John 1:46 is the 46th verse in the first chapter of the Gospel of John in the New Testament of the Christian Bible.

==Content==
In the original Greek according to Westcott-Hort this verse is:
Καὶ εἶπεν αὐτῷ Ναθαναήλ, Ἐκ Ναζαρὲθ δύναταί τι ἀγαθὸν εἶναι; Λέγει αὐτῷ Φίλιππος, Ἔρχου καὶ ἴδε.

In the King James Version of the Bible the text reads:
And Nathanael said unto him, Can there any good thing come out of Nazareth? Philip saith unto him, Come and see.

The New International Version translates the passage as:
"Nazareth! Can anything good come from there?" Nathanael asked. "Come and see," said Philip.

==Analysis==
Micah (chapter 5) had foretold that Christ was to be from Judah and of David, and that he was to be born in Bethlehem. However, neither seems to have known that Christ was conceived in Nazareth and born in Bethlehem. A similar reply comes from the Scribes in their reply to Herod (Matthew 2:5) and the Jews who reply to Nicodemus, saying that no Prophet could come out of Nazareth. MacEvilly believes that Nathanael does not seem to deny it but rather simply wonders at the statement. From Philip's words, it appears he has no doubt that a short encounter with Christ will convince Nathanael.

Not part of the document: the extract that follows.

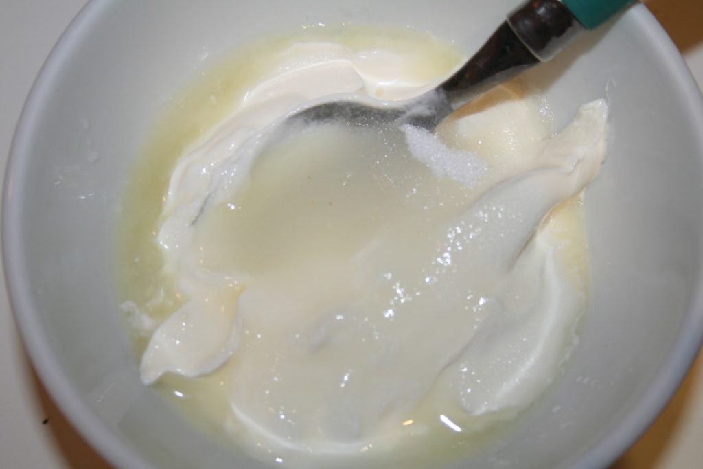 - Le lendemain, préparer le « topping » en mettant la crème fraiche, le sucre et le jus de citron dans un petit bol. Bien mélanger.
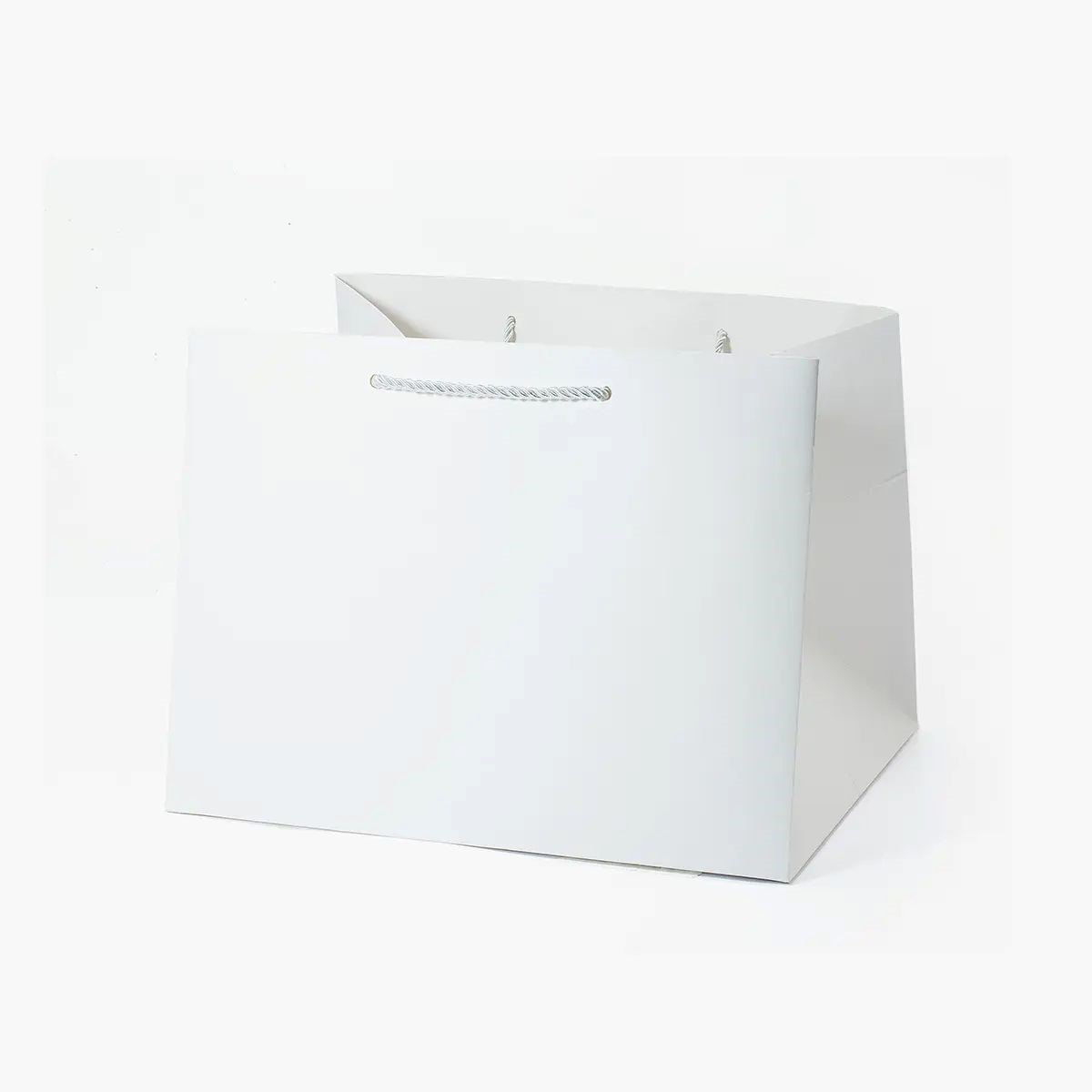 Biała torba papierowa laminowana została zaprojektowana do pakowania produktów o większej objętości i wadze. Zwiększona wysokość oraz wzmocnione dno umożliwiają bezpieczne przenoszenie odzieży, dużych prezentów lub kilku produktów jednocześnie. Sztywna konstrukcja zachowuje stabilną formę nawet przy pełnym obciążeniu. Srebrne, skręcane uchwyty zapewniają wygodę podczas transportu.

==Commentary from the Church Fathers==
Augustine: "However you may understand these words, Philip's answer will suit. You may read it either as affirmatory, Something good can come out of Nazareth; to which the other says, Come and see: or you may read it as a question, implying doubt on Nathanael's part, Can any good thing come out of Nazareth? Come and see. Since either way of reading agrees equally with what follows, we must inquire the meaning of the passage. Nathanael was well-read in the Law, and therefore the word Nazareth (Philip having said that he had found Jesus of Nazareth) immediately raises his hopes, and he exclaims, Something good can come out of Nazareth. He had searched the Scriptures, and knew, what the Scribes and Pharisees could not, that the Saviour was to be expected thence."

Alcuin: "He who alone is absolutely holy, harmless, undefiled; of whom the prophet saith, There shall come forth a rod out of the stem of Jesse, and a branch (Nazaræus) shall grow out of his roots (Isaiah 11:1). Or the words may be taken as expressing doubt, and asking the question."

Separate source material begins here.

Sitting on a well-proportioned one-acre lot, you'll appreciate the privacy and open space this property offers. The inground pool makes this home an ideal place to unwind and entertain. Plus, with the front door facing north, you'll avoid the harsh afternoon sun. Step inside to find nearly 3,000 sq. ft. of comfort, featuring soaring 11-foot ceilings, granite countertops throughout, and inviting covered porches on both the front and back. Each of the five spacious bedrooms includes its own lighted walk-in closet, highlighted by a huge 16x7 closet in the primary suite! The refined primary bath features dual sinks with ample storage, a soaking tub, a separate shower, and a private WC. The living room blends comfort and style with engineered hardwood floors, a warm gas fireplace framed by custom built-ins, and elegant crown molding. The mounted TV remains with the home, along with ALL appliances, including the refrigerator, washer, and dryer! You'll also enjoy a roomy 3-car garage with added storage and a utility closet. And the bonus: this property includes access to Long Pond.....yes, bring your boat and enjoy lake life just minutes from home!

Chrysostom: "Nathanael knew from the Scriptures, that Christ was to come from Bethlehem, according to the prophecy of Micah, And thou, Bethlehem, in the land of Judah,—out of thee shall come a Governor, that shall rule my people Israel (Micah 5:2). On hearing of Nazareth, then, he doubted, and was not able to reconcile Philip's tidings with prophecy. For the Prophets call Him a Nazarene, only in reference to His education and mode of life. Observe, however, the discretion and gentleness with which he communicates his doubts. He does not say, Thou deceivest me, Philip; but simply asks the question, Can any good thing come out of Nazareth? Philip too in turn is equally discrete. He is not confounded by the question, but dwells upon it, and lingers in the hope of bringing him to Christ: Philip saith unto him, Come and see. He takes him to Christ, knowing that when he had once tasted of His words and doctrine, he will make no more resistance."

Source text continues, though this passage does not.